Хороший вопрос. Они с Артуром договорились, что на время его отъезда Франсин будет фактически свободна. Временно одинока — до его возвращения. Вольна встречаться с кем угодно и экспериментировать сколько хочет. А хочет ли она? Артур у себя в пустыне (Франсин представила фотографии из журнала «Нэшнл джиографик» и сцены из фильма «Боги, наверное, сошли с ума») явно ни с кем не спит. А ей, выходит, можно?
— Да, позвоните мне. Я не возражаю.
Он снял колпачок с ручки, болтавшейся на дверце холодильника, — этой ручкой Марла писала «КУИНСИ-МАРКЕТ», «ЛОДКИ-ЛЕБЕДИ» и « СТАРАЯ СЕ ВЕРНАЯ ЦЕРКОВЬ» — и нацарапал на ладони номер Франсин.
— Обязательно позвоню, — сказал он.
— Не сомневаюсь.
Бостон за окном был идеально черный: рекламный щит «Ситго» уже третий год не горел {55} 55 Щит с логотипом нефтяной компании «Ситго» стал одним из символов Бостона благодаря тому, что его было всегда видно на трансляциях бейсбольных матчей «Бостон Ред Сокс» со знаменитого стадиона «Фенуэй-парк» (стадион также будет упомянут в романе).
, и звезды мерцали в небе подобно вспышкам нервных импульсов в нейронных сетях.
К началу июня они стали созваниваться регулярно. А в конце июня начали «встречаться», как называл это Месснер. Он водил ее на свидания. Уже одно это было Франсин в новинку. На свиданиях он всегда за нее платил. Даже в ресторанах . Он был самоотверженным и внимательным джентльменом, общительным и воспитанным — то есть полной противоположностью Артура. Он искренне интересовался учебой Франсин и рад был побаловать и себя, и ее. Месснер обладал скромностью мальчика, которого травили в школе, и уверенностью мужчины, который, несмотря на травлю, пробился в люди. Он быстро привязался к Франсин, потакал всем ее прихотям, запросто считывал и расшифровывал каждое микровыражение ее лица. Говорил, что больше ему ничего не нужно — только Франсин и работа, именно в такой последовательности. «Я еще никогда не был так счастлив, — признавался он. — Утром иду на работу, а вечером вижусь с тобой». То был серьезный человек с большим добрым сердцем. Серьезность: вот что объединяло их с Артуром. Но если серьезность Месснера позволила ему добиться успеха, который можно было выразить в надежной американской валюте, то Артурова заполошная рассудительность превращала его в нелепого персонажа, жителя подземелья, громко порицающего небеса.

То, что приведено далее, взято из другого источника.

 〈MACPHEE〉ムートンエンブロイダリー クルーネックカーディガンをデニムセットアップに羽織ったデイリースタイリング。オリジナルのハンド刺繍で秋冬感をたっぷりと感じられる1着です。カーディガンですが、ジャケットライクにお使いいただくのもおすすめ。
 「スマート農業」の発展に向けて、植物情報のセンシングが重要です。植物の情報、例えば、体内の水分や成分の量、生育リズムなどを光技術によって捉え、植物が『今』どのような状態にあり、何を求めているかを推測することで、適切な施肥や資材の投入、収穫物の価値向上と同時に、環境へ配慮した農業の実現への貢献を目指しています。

Франсин не понимала, какую роль в происходящем играл Артур. Ее отношения с Месснером стремительно набирали силу, и она не знала, как к этому относиться. Да, сейчас она свободна — но это временно. Можно ли вообще называть временную свободу — свободой? Разве может у свободы быть срок годности? Время от времени она разговаривала с Артуром по телефону, и они писали друг другу письма. Но телефонные беседы выходили натужными — их портила необходимость извлечь максимум из нескольких минут общения, — а письма шли неделями.
— Вы с Дейви такие лапочки, — однажды сказала Марла, когда Франсин вернулась одна после ужина с Месснером. Живот приятно грели капеллини с морскими гребешками. — Он про твоего жениха-то знает?

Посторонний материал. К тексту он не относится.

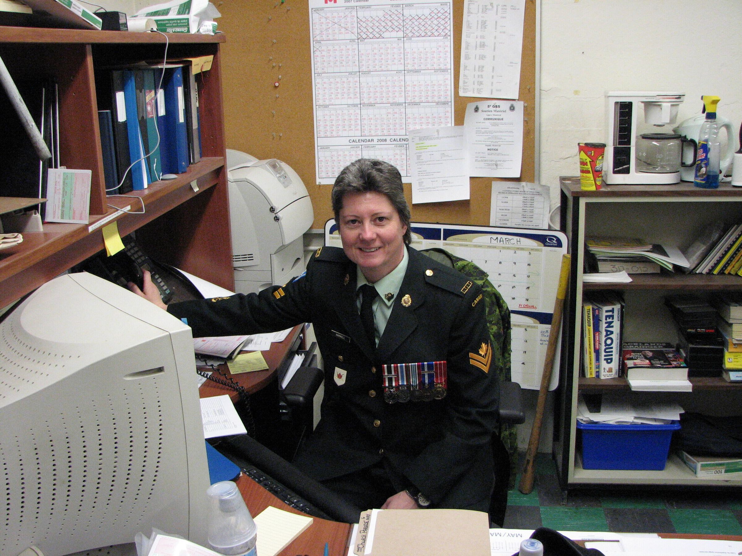Portrait of Master Corporal Hammell, working in the Orderly Room at the Westmount Armoury.
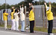 ![]() 法轮功在胡前往尼亚加拉瀑布的路上向胡传递停止迫害的讯息 |
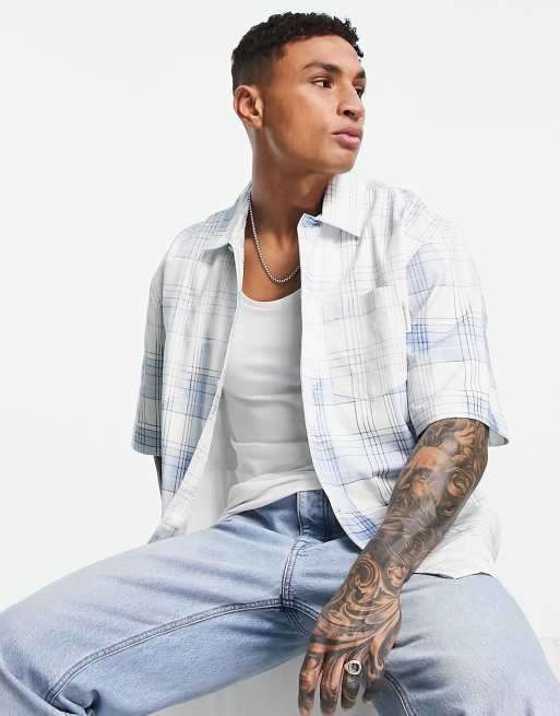 Camisa extragrande con diseño de cuadros blancos y azul descolorido

— Ты меня поджидала, чтобы это спросить?
— Знает или нет?
Франсин вздохнула:
— Нет. И я буду тебе очень признательна, Марла, если ты ничего ему не скажешь.

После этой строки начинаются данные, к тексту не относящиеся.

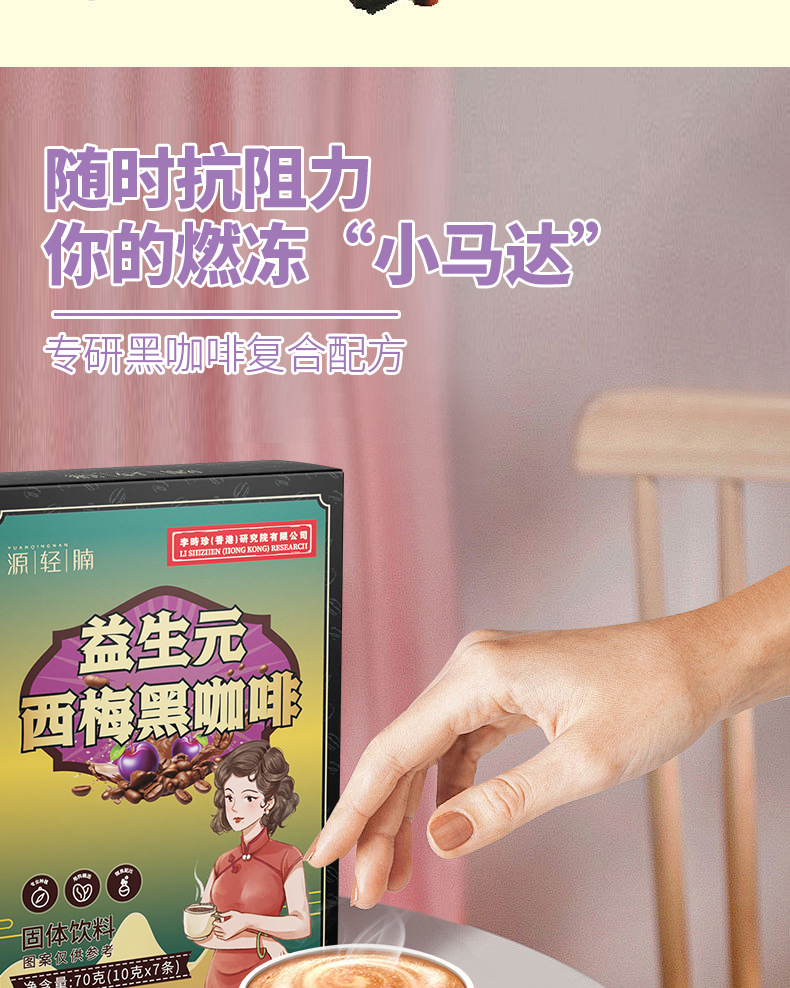 【口感醇厚!益生元西梅黑咖啡】甄选优质好原料,口感醇厚,添加益生元+西梅,益生元黑咖啡固体饮料L

— Ну что ты! Никогда. — Она улыбнулась. — Это будет наша тайна.
— Хорошо.
— Я только хотела спросить. Он уже?..
— Уже что?
— Понятно. Значит, пока нет.
— В смысле?!
— Раз ты не понимаешь, о чем я говорю, значит ничего не было. — Она заулыбалась, как чеширский кот. — Дейви — славный парень. Но с особенностями.
Вскоре Франсин узнала, что имела в виду ее соседка. Ясным летним днем, когда солнечный свет безапелляционно заявлял о себе яркими вспышками на поверхности реки Чарльз, Франсин — по просьбе Месснера — заткнула ему рот резиновым мячиком и принялась осторожно его душить, одновременно поливая горячим воском широкую гладкую грудь.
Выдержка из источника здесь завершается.